___ Information shown
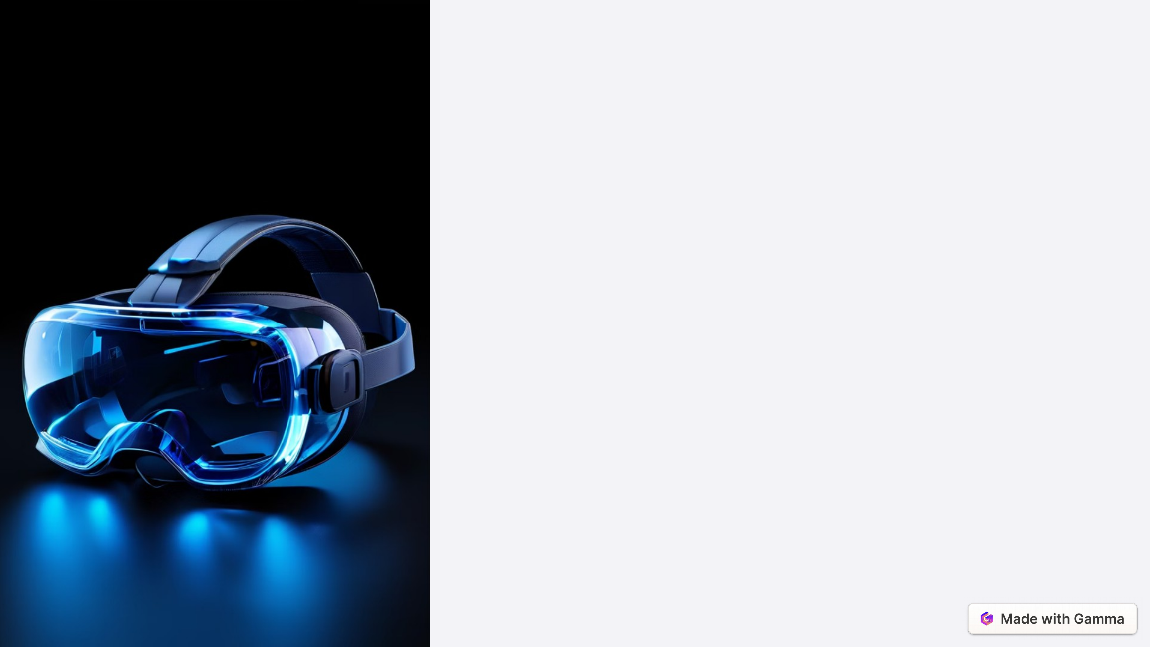 Realidade Virtual (VR) e Realidade Aumentada (AR): Conceitos e Diferenças A realidade virtual (VR) cria um mundo digital completamente imersivo, enquanto a realidade aumentada (AR) combina elementos digitais com o mundo físico. Ambas as tecnologias oferecem experiências únicas e transformadoras, revolucionando áreas como entretenimento, educação e negócios. 1 Aplicações Práticas de VR e AR em Diferentes Setores Jogos e Entretenimento VR e AR transformam jogos e filmes em experiências totalmente imersivas, aproveitando a capacidade de criação de mundos virtuais e a sobreposição de conteúdo digital ao mundo real. Educação e Treinamento Essas tecnologias permitem que estudantes e profissionais vivenciem situações realistas e interativas, melhorando a compreensão e a retenção de conteúdo. Saúde e Medicina VR e AR são usadas em terapias, reabilitação, visualização médica e cirurgias, proporcionando maior precisão e segurança nos procedimentos. 2 Tecnologia e Equipamentos Necessários para VR e AR 1 Headsets Dispositivos de realidade virtual que cobrem o campo de visão do usuário, proporcionando uma experiência imersiva. 2 Sensores e Controles Permitem que o usuário interaja com o ambiente virtual de maneira natural e intuitiva. 3 Plataformas e Software Sistemas e aplicativos que oferecem conteúdo e ferramentas para a criação e uso de experiências de VR e AR. 3 Vantagens e Desafios da Adoção de VR e AR 1 Vantagens Maior engajamento, aprendizado eficaz, redução de custos e riscos em determinados casos. 2 Desafios Custo dos equipamentos, necessidade de infraestrutura adequada, aceitação do público e questões de privacidade. 3 Superação de Obstáculos Avanços tecnológicos, queda nos preços dos dispositivos e conscientização do público sobre os benefícios. 4 Realidade Mista: O Futuro da Interação Homem-Máquina Conteúdo Imersivo Fusão de elementos virtuais e físicos em uma experiência natural e fluida. Interação Intuitiva Controle e manipulação de objetos digitais com gestos e movimentos corporais. Informações Contextuais Acesso a dados relevantes sobrepostos ao mundo real, aumentando a produtividade. 5 Impactos Sociais e Econômicos da Realidade Mista Aumento da Produtividade A realidade mista permite uma interação mais natural e eficiente entre pessoas e sistemas, otimizando tarefas e processos. Novas Oportunidades de Negócios Surgem novos modelos de negócios, serviços e produtos baseados na experiência imersiva e interativa oferecida pela realidade mista. Transformação do Setor de Entretenimento A realidade mista revoluciona a forma como as pessoas consomem conteúdo e interagem com narrativas. Impacto na Educação e Treinamento Melhor compreensão e retenção de conhecimento através de experiências de aprendizado mais envolventes e imersivas. 6 Tendências e Inovações Emergentes em VR e AR Acessibilidade Dispositivos mais leves, confortáveis e acessíveis a um público mais amplo. Mobilidade Soluções sem fio e portáteis que permitem experiências imersivas em qualquer lugar. Inteligência Artificial IA aplicada para personalizar e aprimorar as experiências de VR e AR. 7 Considerações Éticas e Regulatórias na Adoção de VR e AR Privacidade e Segurança Garantir a proteção de dados e evitar usos indevidos das tecnologias. Equidade de Acesso Assegurar que as soluções de VR e AR sejam inclusivas e acessíveis a todos. Impactos Sociais Mitigar possíveis efeitos negativos, como isolamento e dependência tecnológica. Regulamentação Desenvolver diretrizes e políticas que fomentem a adoção segura e responsável dessas tecnologias. 8 image-1-1.png image-1-2.png image-2-1.png image-3-1.png image-4-1.png image-4-2.png image-5-1.png image-5-2.png image-5-3.png image-5-4.png image-6-1.png image-7-1.png image-7-2.png image-7-3.png image-7-4.png image-7-5.png image-8-1.png
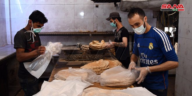 المسؤولية الواقعة على عاتق عمال المخابز والأفران تطلبت منهم تغيير أوقات دوامهم لتصبح المدة أطول حيث تبدأ من الساعة الثانية عشرة ليلاً حتى الرابعة عصراً لضمان وصول الخبز إلى جميع العائلات عن طريق المعتمدين وفق إجراءات الجهات المعنية المتخذة مؤخراً للتصدي للفيروس لمنع الازدحام والتجمعات أمام الأفران وهو ما قابله العامل محمد علي الحسين بكل مسؤولية ومحبة حسب تصريحه لمندوب سانا.
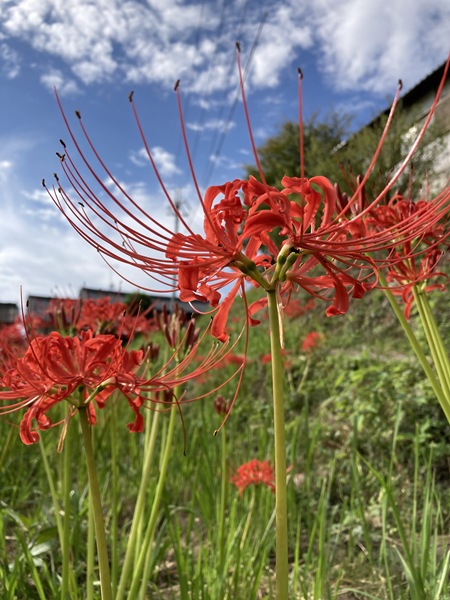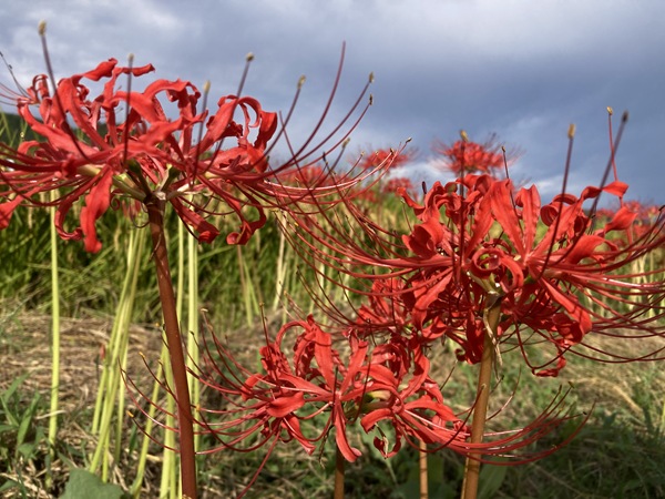 青空をバックにした赤い花が美しい。赤い絨毯のような群生を眺めていて句心が湧いた。すでに彼岸を過ぎてしまったがむしろこれからが盛りである彼岸花(曼珠沙華)の群生を句にしたかったが、彼岸と彼岸花(あるいは曼珠沙華)の両方を入れると季重なりになる。どちらかを別の表現にできないか考えたが、その場では浮かばず帰宅後に彼岸花(曼珠沙華)の群生を「田んぼのそばの赤い絨毯」→「田畔(たぐろ)の緋毛氈」に譬えることを思いつき、表題の「秋彼岸 過ぎて田畦の 緋毛氈」という句となった。相変わらずのヘボ俳句だが、ちょっと頑張った。それでも、温暖化で暦と花の盛りがすれていく憂いまで、伝えきれていないかもしれない。
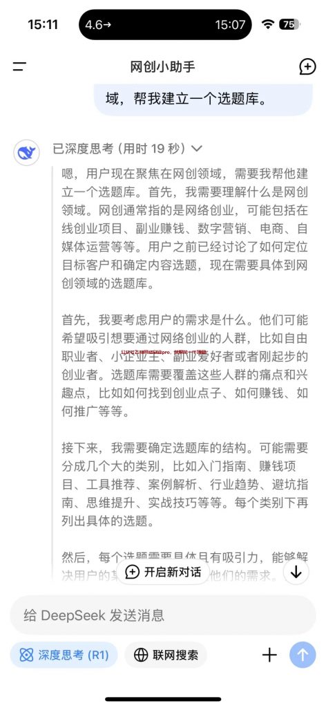 比如,我让DeepSeek帮我建立一个选题库。DeepSeek 最惊艳到我的是……
______
§ **What the exercise asks**: Exact copy, pictures omitted: every line from the one holding "المسؤولية الواقعة على" through the last line of the data above, and nothing else.

§ **Response to this exercise**:
 المسؤولية الواقعة على عاتق عمال المخابز والأفران تطلبت منهم تغيير أوقات دوامهم لتصبح المدة أطول حيث تبدأ من الساعة الثانية عشرة ليلاً حتى الرابعة عصراً لضمان وصول الخبز إلى جميع العائلات عن طريق المعتمدين وفق إجراءات الجهات المعنية المتخذة مؤخراً للتصدي للفيروس لمنع الازدحام والتجمعات أمام الأفران وهو ما قابله العامل محمد علي الحسين بكل مسؤولية ومحبة حسب تصريحه لمندوب سانا.
 青空をバックにした赤い花が美しい。赤い絨毯のような群生を眺めていて句心が湧いた。すでに彼岸を過ぎてしまったがむしろこれからが盛りである彼岸花(曼珠沙華)の群生を句にしたかったが、彼岸と彼岸花(あるいは曼珠沙華)の両方を入れると季重なりになる。どちらかを別の表現にできないか考えたが、その場では浮かばず帰宅後に彼岸花(曼珠沙華)の群生を「田んぼのそばの赤い絨毯」→「田畔(たぐろ)の緋毛氈」に譬えることを思いつき、表題の「秋彼岸 過ぎて田畦の 緋毛氈」という句となった。相変わらずのヘボ俳句だが、ちょっと頑張った。それでも、温暖化で暦と花の盛りがすれていく憂いまで、伝えきれていないかもしれない。
 比如,我让DeepSeek帮我建立一个选题库。DeepSeek 最惊艳到我的是……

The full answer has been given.